What is being asked: Copy only the lines from the one with "- 21 ноября" through the end of the records, exactly as they stand. No pictures belong in the copy.

Data records:

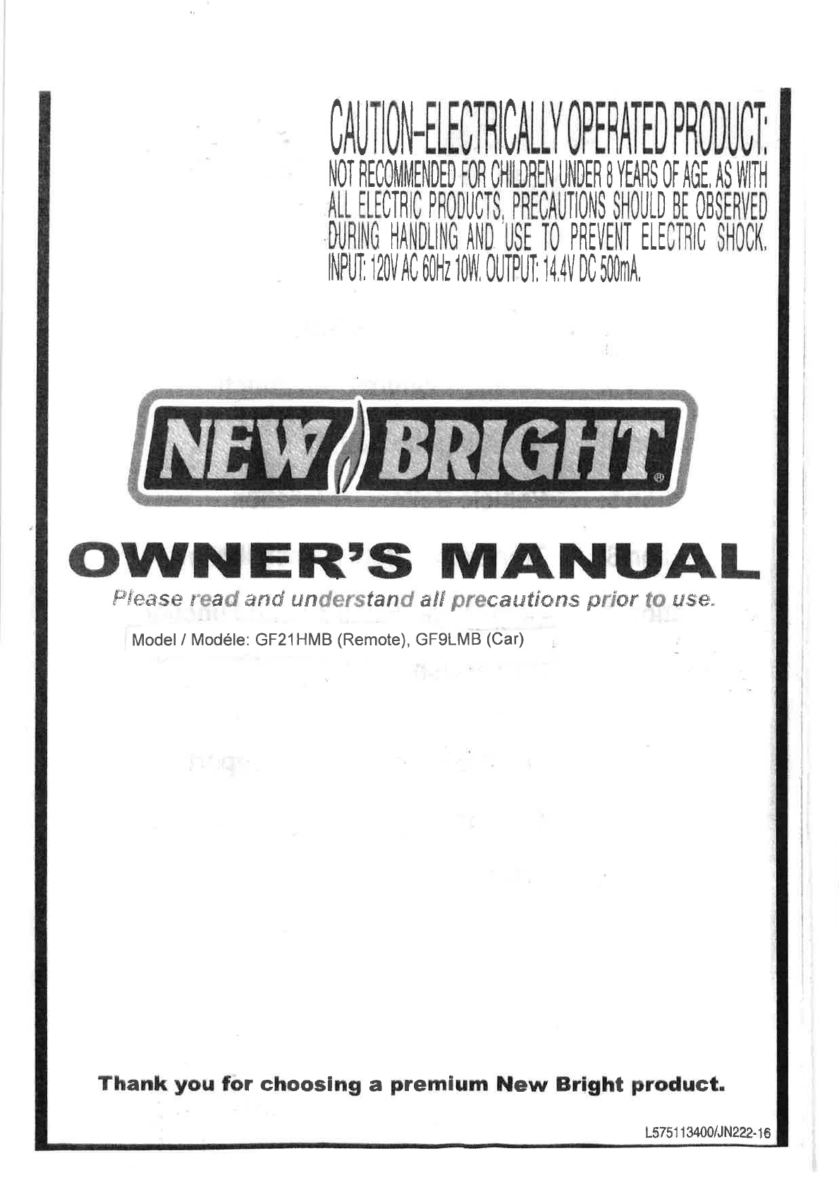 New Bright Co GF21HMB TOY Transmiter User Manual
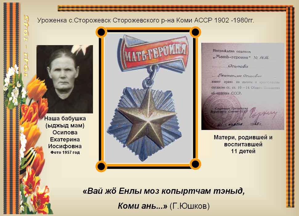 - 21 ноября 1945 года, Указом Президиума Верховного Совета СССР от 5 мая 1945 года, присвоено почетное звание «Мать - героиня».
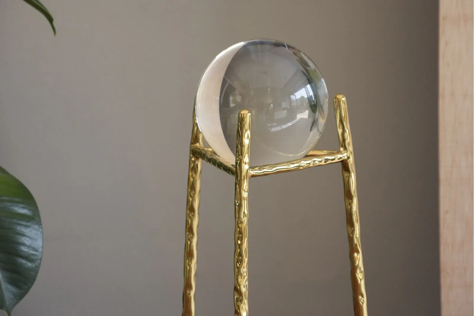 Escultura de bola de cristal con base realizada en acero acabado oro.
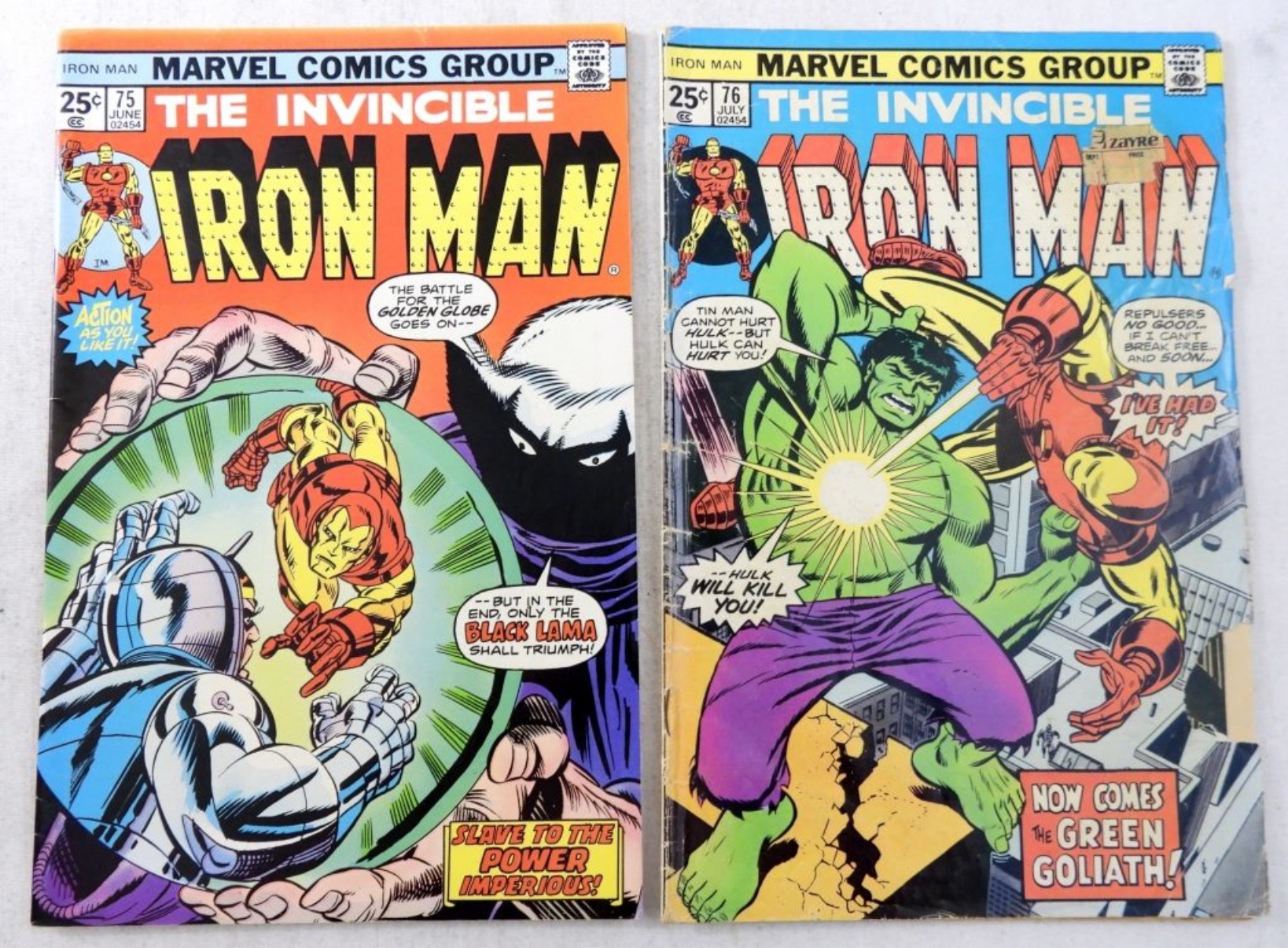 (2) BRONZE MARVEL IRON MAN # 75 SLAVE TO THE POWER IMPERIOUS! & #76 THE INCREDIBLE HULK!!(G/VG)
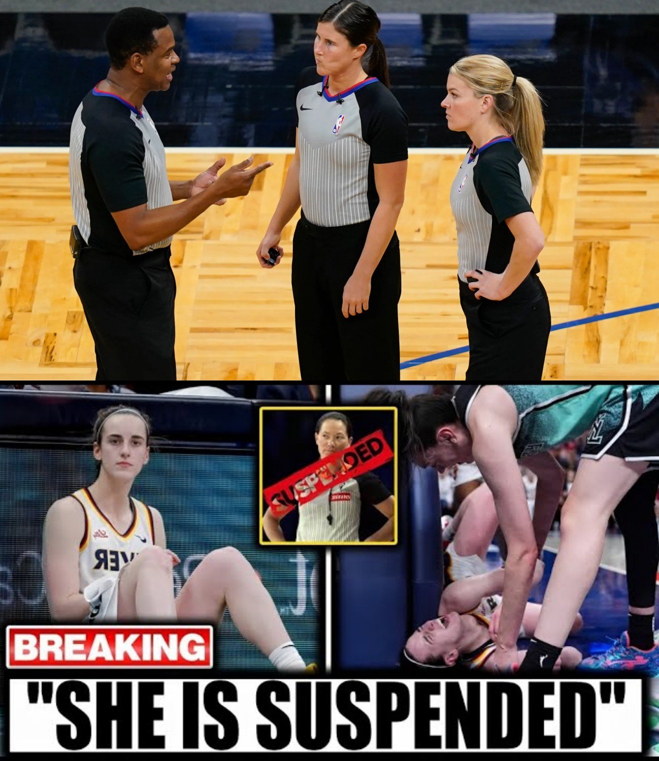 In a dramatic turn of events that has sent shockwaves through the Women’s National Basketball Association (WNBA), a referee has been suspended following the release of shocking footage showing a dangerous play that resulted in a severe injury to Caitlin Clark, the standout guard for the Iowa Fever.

Answer to this task:
 - 21 ноября 1945 года, Указом Президиума Верховного Совета СССР от 5 мая 1945 года, присвоено почетное звание «Мать - героиня».
 Escultura de bola de cristal con base realizada en acero acabado oro.
 (2) BRONZE MARVEL IRON MAN # 75 SLAVE TO THE POWER IMPERIOUS! & #76 THE INCREDIBLE HULK!!(G/VG)
 In a dramatic turn of events that has sent shockwaves through the Women’s National Basketball Association (WNBA), a referee has been suspended following the release of shocking footage showing a dangerous play that resulted in a severe injury to Caitlin Clark, the standout guard for the Iowa Fever.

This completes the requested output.